La littérature de Sorrentino n’est pas inoffensive, elle ne prodigue aucun réconfort et ne contribue nullement à la paix ; elle démonte les illusions de l’homme sur lui-même, elle sape les bases du sentimental ou du social qui est désormais la même chose. Mais, bien que l’homme y soit défait, elle n'est pas une littérature de la défaite : les livres de Sorrentino produisent leur sucre, leur énergie jazz, par la pétante, joyeuse, coruscante, désopilante, extravagante vitalité de son écriture.
Gilbert Sorrentino en français : une sélection
Traduit de l’américain par Bernard Hœpffner
*avec la collaboration de Catherine Goffaux
Steel work, 1970, — * Cent pages, 2010
est un recueil de séquences portraits de jeunes hommes, entre 1937 et 1951. Cet ensemble en mouvement forme le personnage du roman : les garçons de Brooklyn.
Red le démon, 1975 — Christian Bourgois, 1996, * Cent pages, 2010
La méfiance de Sorrentino vis à vis du discours s’incarne dans le personnage de la mémé de Red, dont la perversité repose sur le mensonge, sur la permanente propagande de bonté dont elle masque son sadisme.
Mulligan Stew/Salmigondis, 1979, — * Cent pages, 2007
variation carnavalesque sur Finnegan's Wake ethommage à Flann O'Brien dont Sorrentino reprend les personnages et la structure échevelée, libre, flamboyante du désopilant At swim two birds, et formidable terrain de jeu littéraire, qui chahute le lecteur entre des correspondances vachardes, une pièce de théâtre baroque, des listes et jubilantes fatrasies, des chapitres d'un roman en cours d'écriture, des commentaires des personnages de ce roman, mutinés contre leur auteur médiocre et plein d'illusions sur sa littérature ou génial et profondément dépressif.
Petit Casino, 2002, — Actes sud, 2006
commence par une vanité : une série de photos, qui ont le point commun de montrer, au beau milieu de la vie, un regard fixé sur la mort.

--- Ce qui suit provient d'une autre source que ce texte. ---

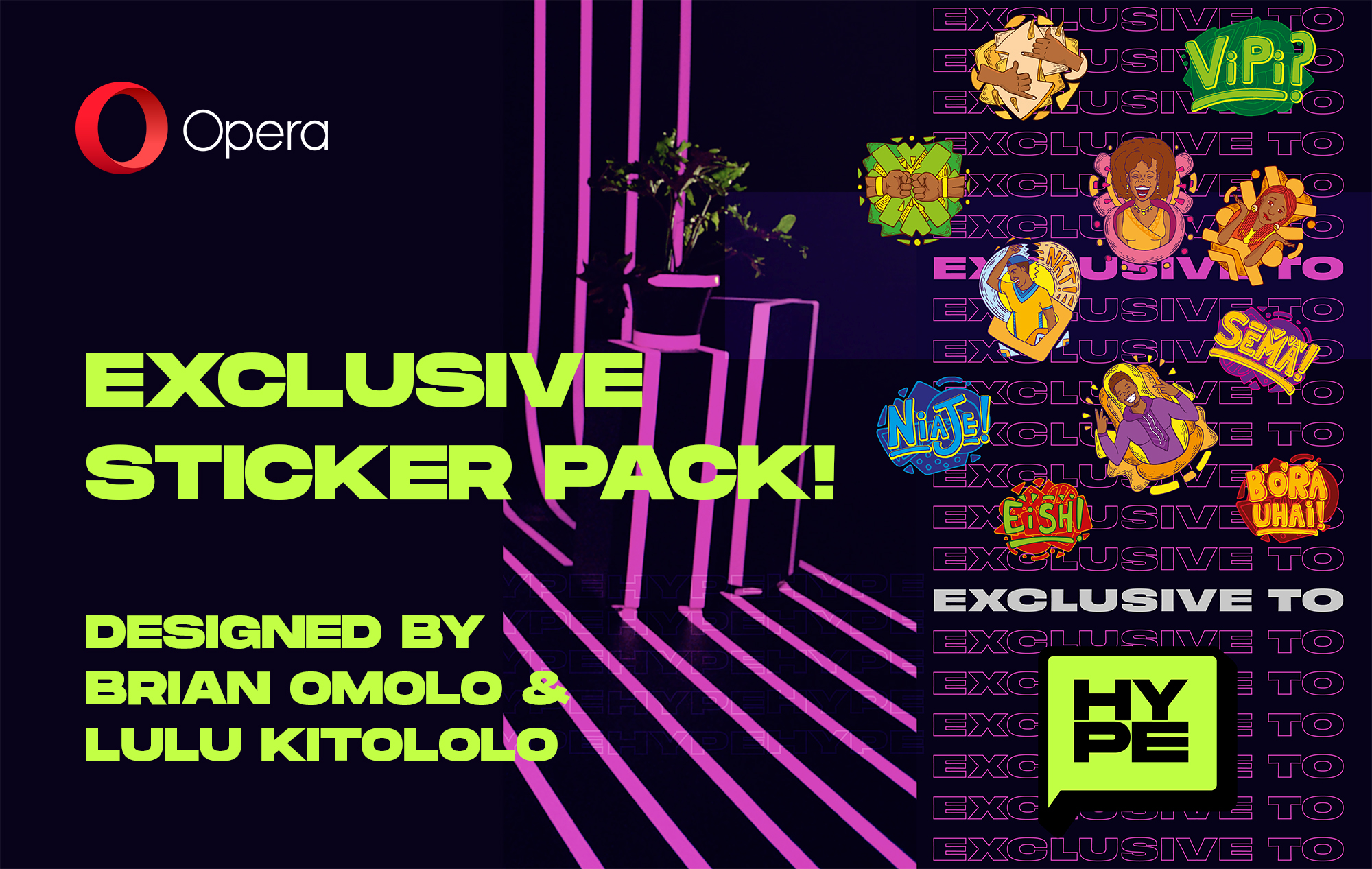 “We are extremely happy to celebrate African culture with Hype and we are very excited with the end result and the collaboration we had with Brian and Lulu.” said Hamel. “These unique stickers with original designs are something we are very proud of at Opera as we become the first major browser to integrate real African art and pop culture into our products.”

Et c’est ce qui circule entre les textes de ce livre, ce point de fixité, ce déjà trop tard glissé dans le cœur palpitant de l’espoir, c’est-à-dire du vivant.
La Lune dans son envol, 2004, — Actes sud, 2009
Des scènes de la vie de couples finissent par composer des variations sur la vie d’un couple abstrait, idéal type de la petite bourgeoisie américaine, dans ses désillusions précoces et ses défaites consommées. Chaque texte est un diptyque composé du récit et de son commentaire, expression d'un point de vue à distance immense des espoirs minuscules qui agitent ces petits hommes.